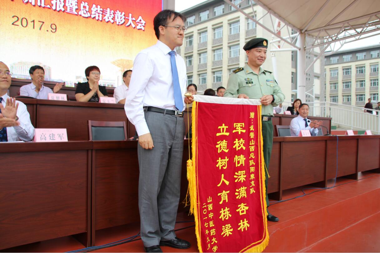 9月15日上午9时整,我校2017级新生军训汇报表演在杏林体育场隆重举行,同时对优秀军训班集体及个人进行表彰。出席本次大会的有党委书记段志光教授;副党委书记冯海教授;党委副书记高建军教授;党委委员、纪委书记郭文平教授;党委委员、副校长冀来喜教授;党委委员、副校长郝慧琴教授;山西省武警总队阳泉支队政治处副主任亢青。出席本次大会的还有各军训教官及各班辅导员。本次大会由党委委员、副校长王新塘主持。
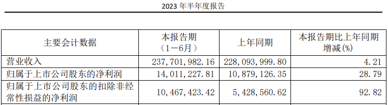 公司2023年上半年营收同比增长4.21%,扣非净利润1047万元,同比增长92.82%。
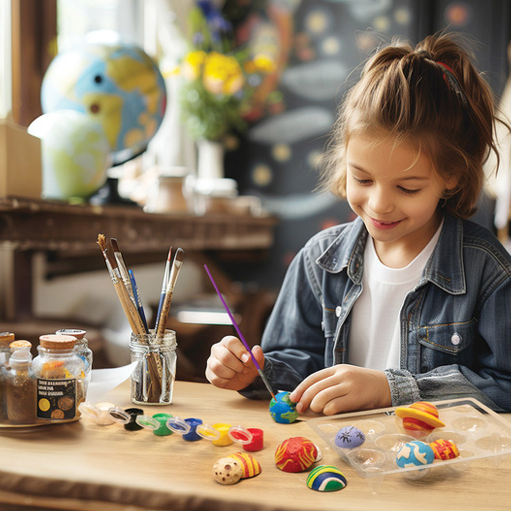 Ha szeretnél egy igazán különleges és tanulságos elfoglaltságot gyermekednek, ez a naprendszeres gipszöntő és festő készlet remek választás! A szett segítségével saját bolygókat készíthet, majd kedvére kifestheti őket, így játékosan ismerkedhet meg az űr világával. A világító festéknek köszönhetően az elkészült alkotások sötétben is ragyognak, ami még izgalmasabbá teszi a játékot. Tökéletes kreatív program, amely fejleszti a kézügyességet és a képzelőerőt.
□ □ □
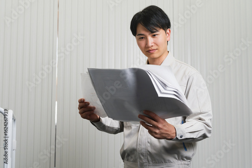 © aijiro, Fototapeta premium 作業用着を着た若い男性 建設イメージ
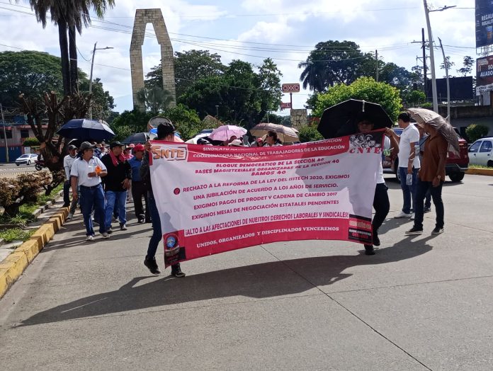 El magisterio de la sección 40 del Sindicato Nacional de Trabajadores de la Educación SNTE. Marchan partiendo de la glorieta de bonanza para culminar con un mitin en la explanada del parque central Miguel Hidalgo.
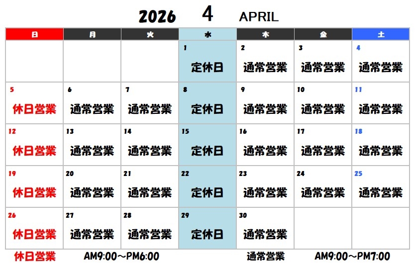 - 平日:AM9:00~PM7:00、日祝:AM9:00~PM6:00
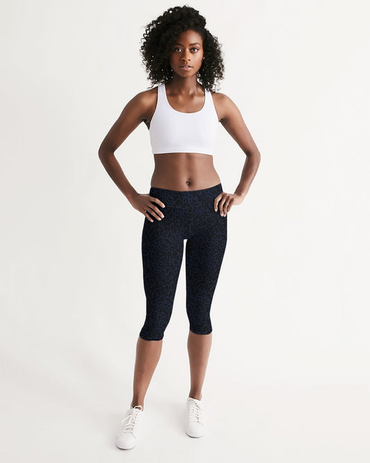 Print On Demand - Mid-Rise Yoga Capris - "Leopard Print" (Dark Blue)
□ □ □
§ WHAT YOU SHOULD DO: When you reach the line holding "9月15日上午9时整,我校2" in the listing above, begin retyping exactly, and stop once the line holding "公司2023年上半年营收同比" is done; pictures stay out.

§ OUTPUT FOR THIS TASK:
 9月15日上午9时整,我校2017级新生军训汇报表演在杏林体育场隆重举行,同时对优秀军训班集体及个人进行表彰。出席本次大会的有党委书记段志光教授;副党委书记冯海教授;党委副书记高建军教授;党委委员、纪委书记郭文平教授;党委委员、副校长冀来喜教授;党委委员、副校长郝慧琴教授;山西省武警总队阳泉支队政治处副主任亢青。出席本次大会的还有各军训教官及各班辅导员。本次大会由党委委员、副校长王新塘主持。
 公司2023年上半年营收同比增长4.21%,扣非净利润1047万元,同比增长92.82%。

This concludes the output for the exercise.